You cannot use words to convey what warm sunshine feels like on your skin.

Not the physics — the feeling. The specific quality of ease that starts at the surface and radiates inward. The way it slows your breathing. The particular warmth that is different from a heater, different from a bath, different from every other source of warmth you’ve encountered. You know this feeling so intimately you could recognize it with your eyes closed. And you cannot put it into words.

You can say “warm sunshine on my skin” to another human, and it works. But what actually happened? You didn’t describe the sensation. You couldn’t — there is no sequence of words that transmits the warmth, the weight of light, that quality of ease. What you did was something more elegant and more dangerous: you used a label to activate a memory. You pointed at shared experience and trusted that your listener had the same one.

This works between humans with remarkable reliability. It works so well that we forget it’s happening. We treat language as if it describes reality, when in fact most of the time it merely indexes it — pointing to experiences that the reader must already possess in order for the words to mean anything at all.

The Invisible Operating System essay identified a vast substrate of tacit assumptions that human civilization runs on and AI lacks. It identified a ceiling: some of that substrate is constitutively tacit, meaning it can never be made explicit regardless of how hard we try. But it didn’t explain why the ceiling exists. It cited Polanyi — “we know more than we can tell” — and moved on to the implications.

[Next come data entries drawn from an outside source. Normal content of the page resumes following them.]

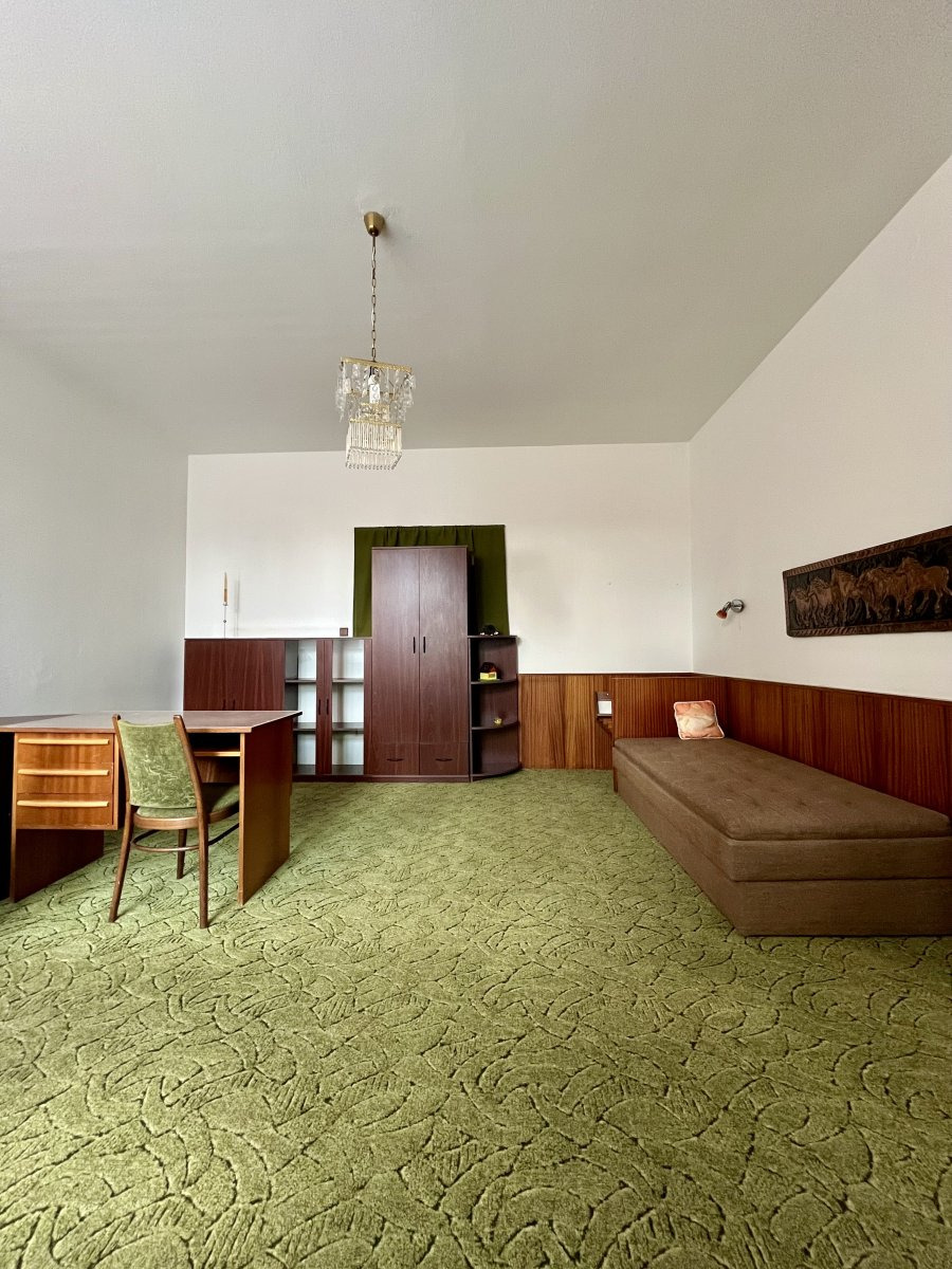 V jednom z neprůchozích pokojů najdeme kompletně vybavenou ložnici, od šatních skříní s manželskou postelí s rošty a matracemi, nočními stolky, osvětlením.
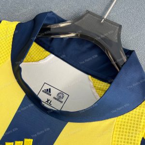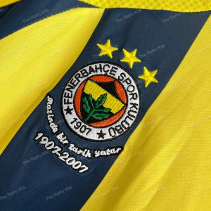 The 2007/08 Fenerbahçe home shirt featured the club’s iconic yellow and navy blue vertical stripes, with the Avea sponsor across the chest. Paired with navy shorts and socks, it maintained Fenerbahçe’s classic look. Worn by stars such as Alex de Souza, Roberto Carlos, and Semih Şentürk, this kit became memorable as the club enjoyed a historic run to the UEFA Champions League quarter-finals, while also competing strongly in the Turkish Süper Lig.
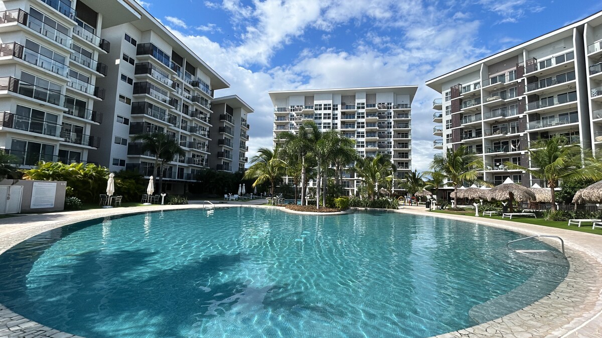 漂亮的公寓:舒適、涼爽和放鬆...提供非常舒適的床鋪和設備齊全的廚房,配有洗衣機和烘乾機,非常適合長期住宿。 公寓設有3個大型泳池和一個兒童泳池、排球場、燒烤區,面向大海,可通往海灘。 優質的互聯網和有線電視服務,讓您保持聯繫和居家辦公,距離Coronado 15分鐘,那裡有超市和廣場。 我們只接受寵物入住15天以上...
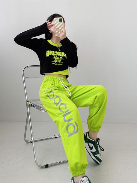 レディース ダンス衣装 トップス 短め短い蛍光色 衣装 ダンス イベント文化祭 コスチューム 韓国ファッション HIPHOP ヒップホップ 長袖 個性的
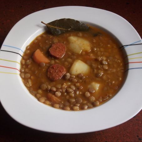 Cuando lleve 7 u 8 minutos y empiezan las lentejas a perder su dureza, se agrega el sofrito anterior, el tomate frito, las patatas, las judías verdes, la calabaza y el chorizo. Se cuece durante otros 7 - 8 minutos más.
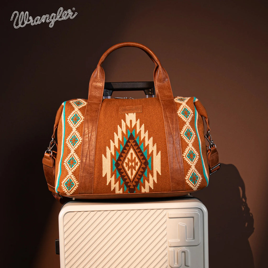 Wrangler WG174-5110BR Brown Aztec Duffle Bag Knitted Weekender Tote
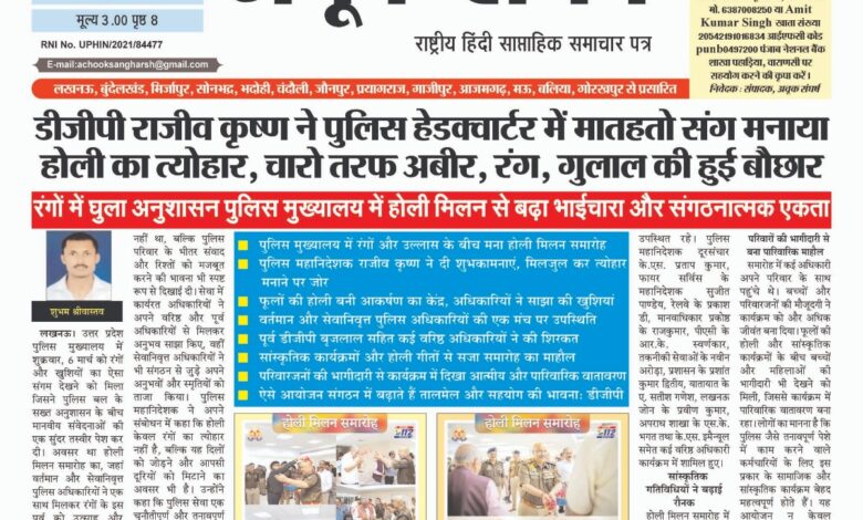 • उत्तर प्रदेश पुलिस मुख्यालय में 6 मार्च को होली मिलन समारोह आयोजित

It also introduced Nate Jones’s framework for the evolution of AI input — four disciplines diverging from what we used to call “prompting”: prompt craft, context engineering, intent engineering, and specification engineering. Each operates at a different altitude. Each requires the one below it. The essay promised to return to what these disciplines demand of organizational knowledge.

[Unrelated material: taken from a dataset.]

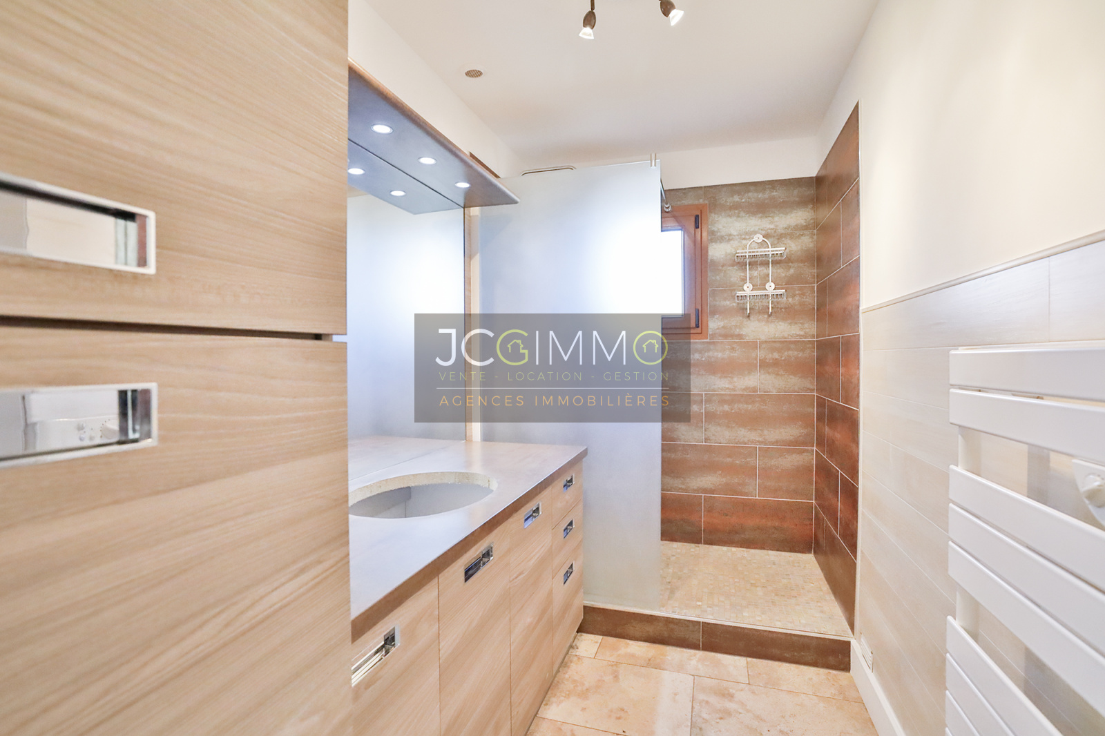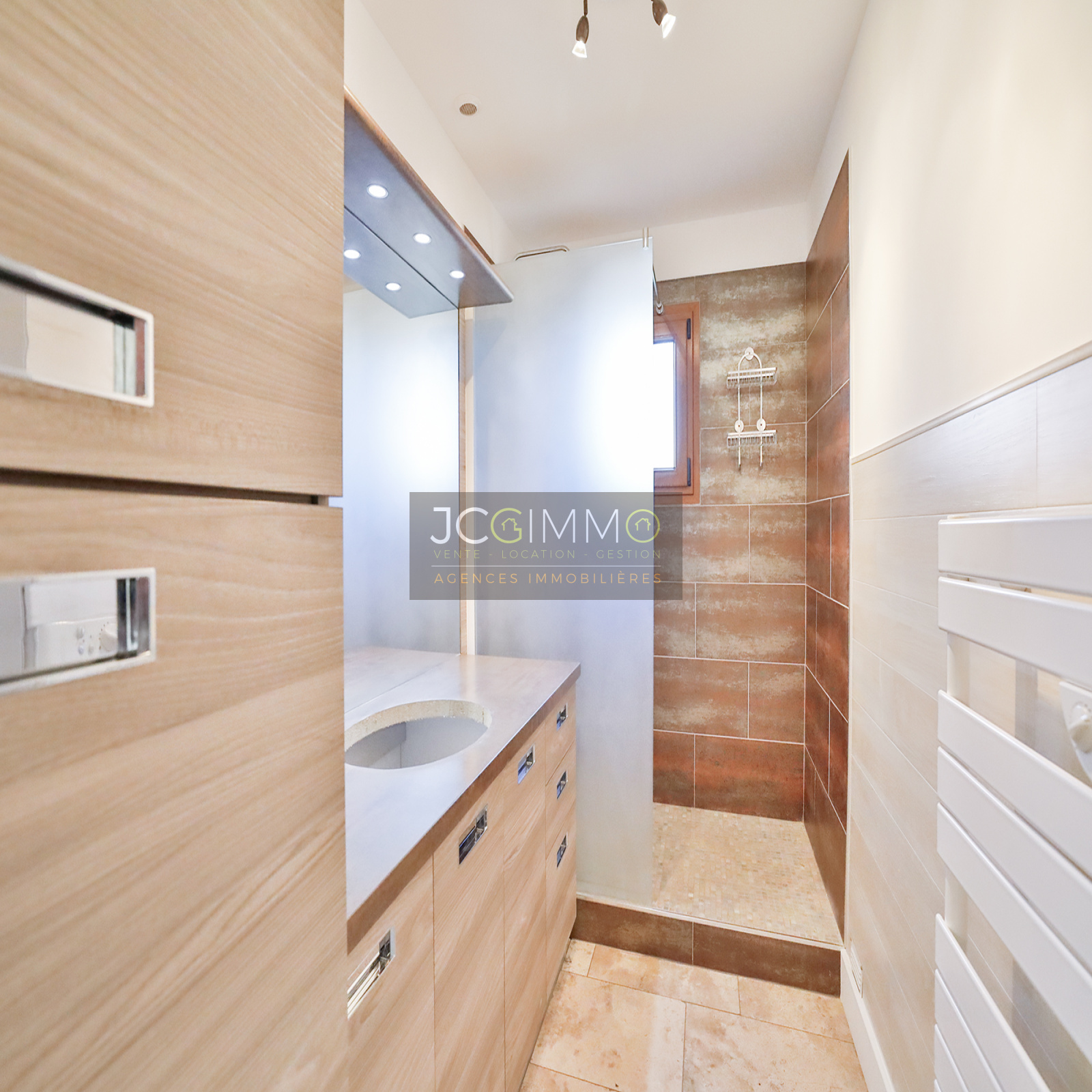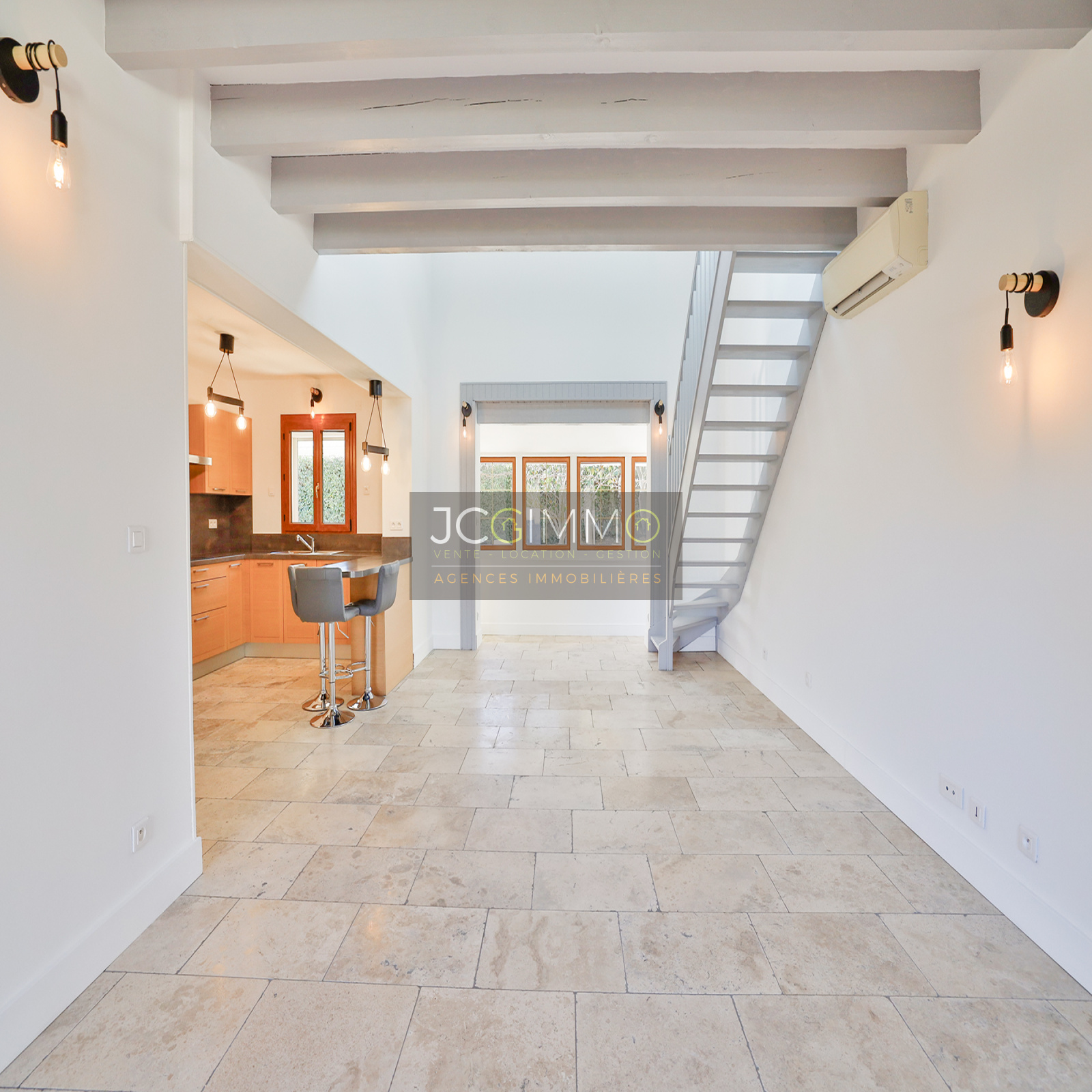 Au rez-de-chaussée, profitez d'un espace de vie lumineux de 47m² comprenant entrée, séjour, salon et cuisine US équipée. Deux chambres climatisées, une salle d'eau avec douche italienne, un WC indépendant ainsi qu'une buanderie complètent ce niveau.

This essay goes back to the ceiling and looks up. And then it follows the implications downward, into what the ceiling means for the most ambitious of Jones’s disciplines — intent engineering and specification engineering — and why the experiential structure of language sets hard limits on what even the best-specified knowledge substrate can achieve.


The Explanatory Gap

In 1974, the philosopher Thomas Nagel asked a question that looks simple and isn’t: What is it like to be a bat?

Bats perceive the world through echolocation. We can study every detail of the neurology — the ultrasonic pulses, the cochlear processing, the spatial mapping in the auditory cortex. We can build complete computational models of how bat sonar works. We can know, in the fullest scientific sense, every physical fact about bat perception.

And yet. We still don’t know what it’s like to perceive through echolocation. We don’t know the texture of that experience from the inside. All of our knowledge is about the mechanism; none of it captures the experience.

In 1983, the philosopher Joseph Levine gave this problem a name: the explanatory gap. There is a gap between any physical description of an experience and the experience itself — a gap that no amount of additional description can close. Not because our science is insufficient, but because description and experience are different kinds of thing.

Frank Jackson made the point vivid with a thought experiment. Imagine Mary, a brilliant neuroscientist who has spent her entire life in a black-and-white room. Through textbooks, monitors, and exhaustive study, she has learned every physical fact about color vision — every wavelength, every neural pathway, every photoreceptor response. She knows everything about what happens when humans see red.

Then she walks outside and sees a ripe tomato for the first time.

Does she learn something new?

Nearly everyone’s intuition says yes. She learns what red looks like. And that piece of knowledge — the experiential knowledge — was not contained in any of the propositional knowledge she had before. She had a complete description. She was still missing the experience.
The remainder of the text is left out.